Anonymous Anonymous said...

For untreated in watch and wait stage with CLL... this would be such a difficult time to choose if therapy were needed asap. FCR appears to have the best proven outcomes with greater chance of MRD negativity or PFS. Many of us believe these new agents like ibrutinib may offer even better long term outcomes when used in combo therapy (e.g., ABT-199, ibrutinib and obinutuzumab combo?), or at least similar outcomes with much less toxicity, but we are a fair ways off from testing that thesis. Its certainly not proven. I suspect the best course for most untreated right now, would be going on one of the newer agents (ABT-199, ibrutinib, idelalisib) through a trial or in the case of ibrutinib, prescription, in hope that it buys enough time until the novel agent combo therapies are ready for trial.
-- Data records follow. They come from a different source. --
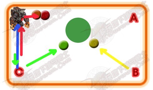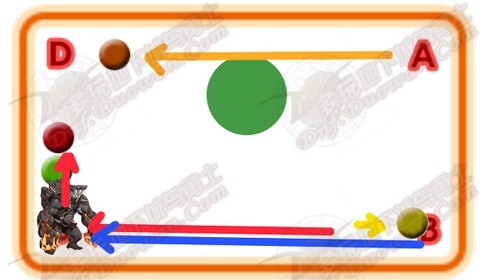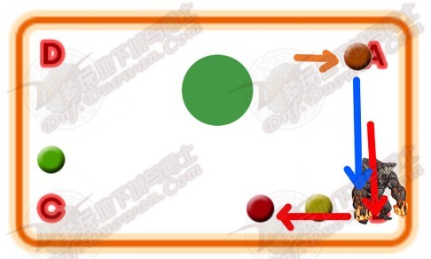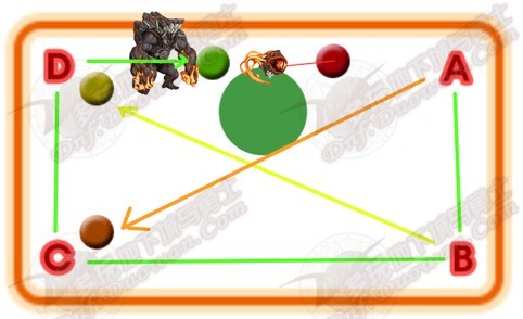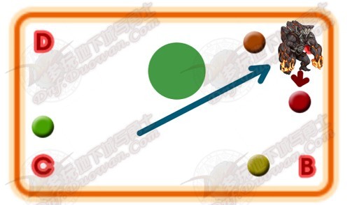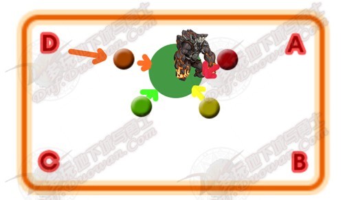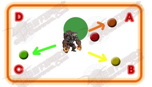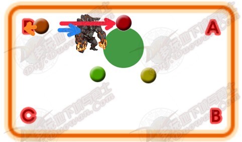 2P:在A石头准备等待1P引诱BOSS破坏保护罩。击破石头后迅速到D点准备
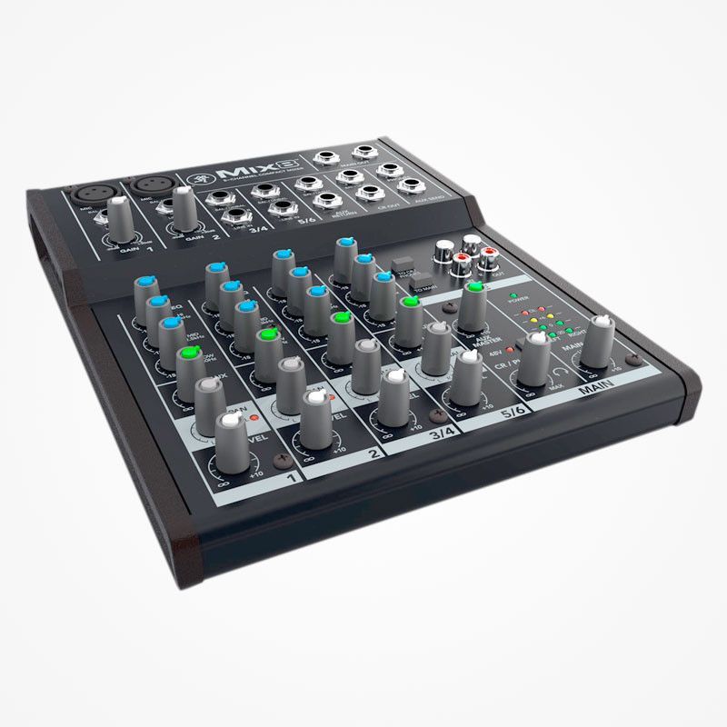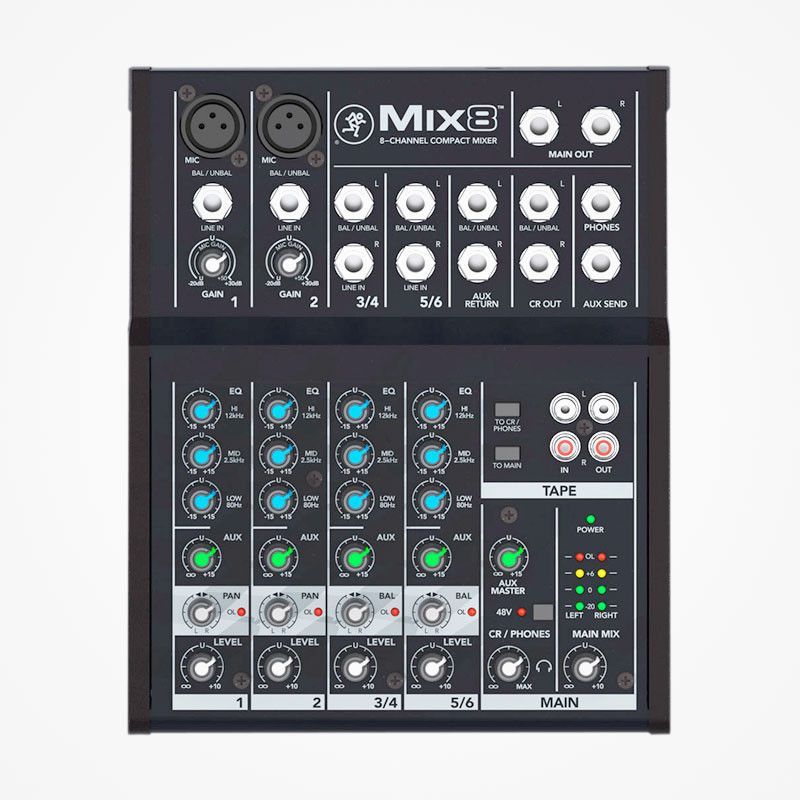El Mackie Mix 8 es un mezclador compacto de 8 canales, el rendimiento es de bajo ruido, 2 entradas de micro / línea con la calidad de audio de nivel de estudio. Los Mezcladores Compactos Mackie Serie Mix son resistentes, con la probada calidad que usted espera de Mackie, el líder mundial en el diseño de mezcladores compactos. Con previos Mackie, probado umbral y diseño de bajo ruido, los mezcladores de la Serie Mix suenan muy bien y mantienen la calidad del audio de cualquier fuente.
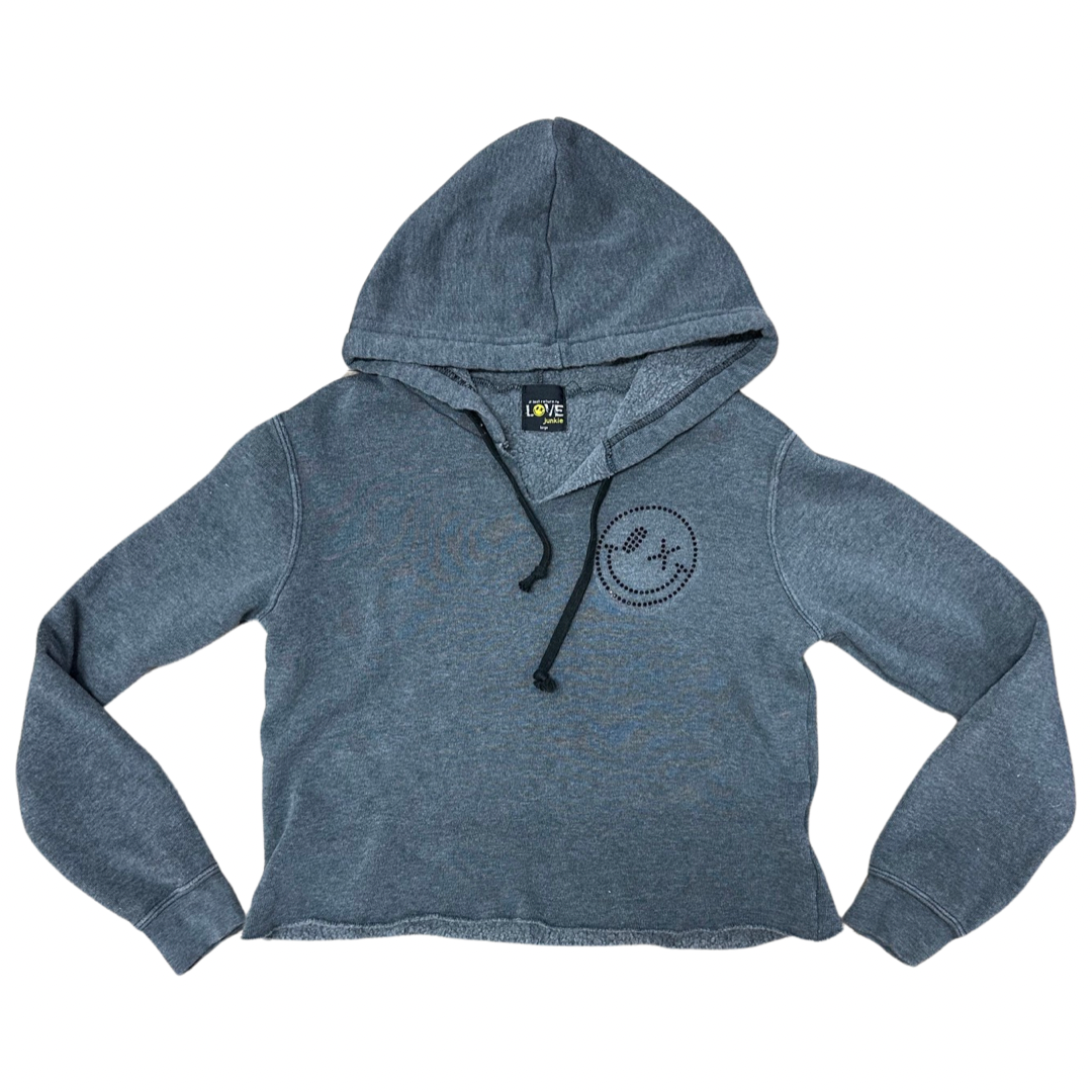 Love Junkie Rhinestone Smiley Crop Hoodie - Charcoal
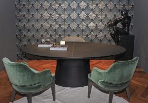 O “Espaço Corporativo” dos arquitetos Cláudia Horta e Edson Velo foi feito para inspirar reuniões. Com um ar acolhedor e muita elegância, os profissionais trouxeram para o conceito do ambiente um papel de parede da renomada Wallcovering que destaca o espaço e traz elementos decorativos para a parede.
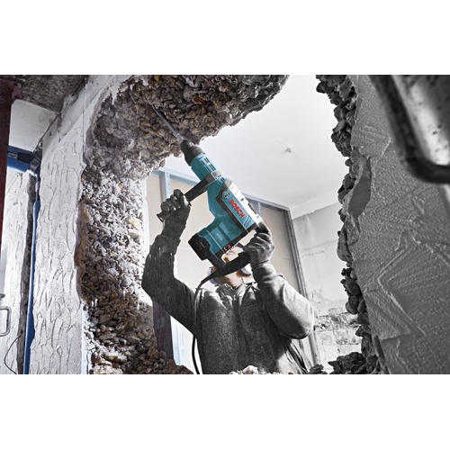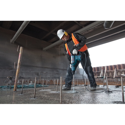 The RH745 delivers 8.2 Ft.-Lbs. of impact energy (EPTA) and offers two modes: rotary hammer and hammer-only. A variable speed dial provides controlled drilling and chiseling, while Vario-Lock allows the chisel to be set in 12 positions for the best working angle. Includes auxiliary handle, grease tube and carrying case.
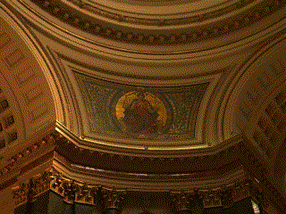 In the afternoon I was inspired by Wisconsin's capital building and its murals, promenaded up and down State Street a number of times, enjoyed reading on on the terrace of the university's student union, collected some water from the lake, and got my year's supply of cholesterol at Smokey's Club.
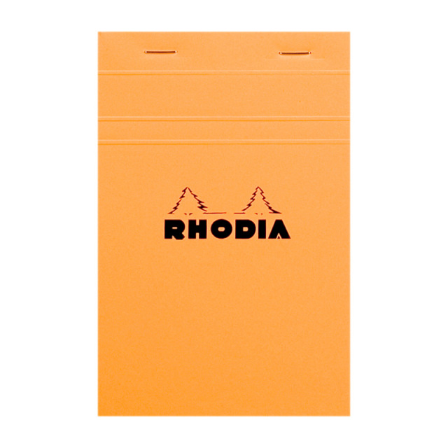 オレンジとブラックの表紙に、薄いパープルの5mm方眼の定番ブロックロディア。滑らかで反射のない用紙は、鉛筆にはやわらかいタッチを、ボールペンにはあざやかな発色を、万年筆にはインクにじみの無いスムースな書き味を保証します。

But its frustrating... aside from the natural approval process required for single agents, combo therapy trials have issues with multiple drug companies needing to join forces to test their products together... and they don't like to play in each other's sandboxes like that. How can this be accelerated?! Does anybody doubt the possibility that a combo of ABT-199, ibrutinib, and obinutuzumab could very likely be a cure? If the execs of these drug companies had a spouse, child or grandparent with CLL who needed therapy soon, would they be so slow to pursue novel agent combo therapies? Its so close we can touch it, but we need to start testing it NOW!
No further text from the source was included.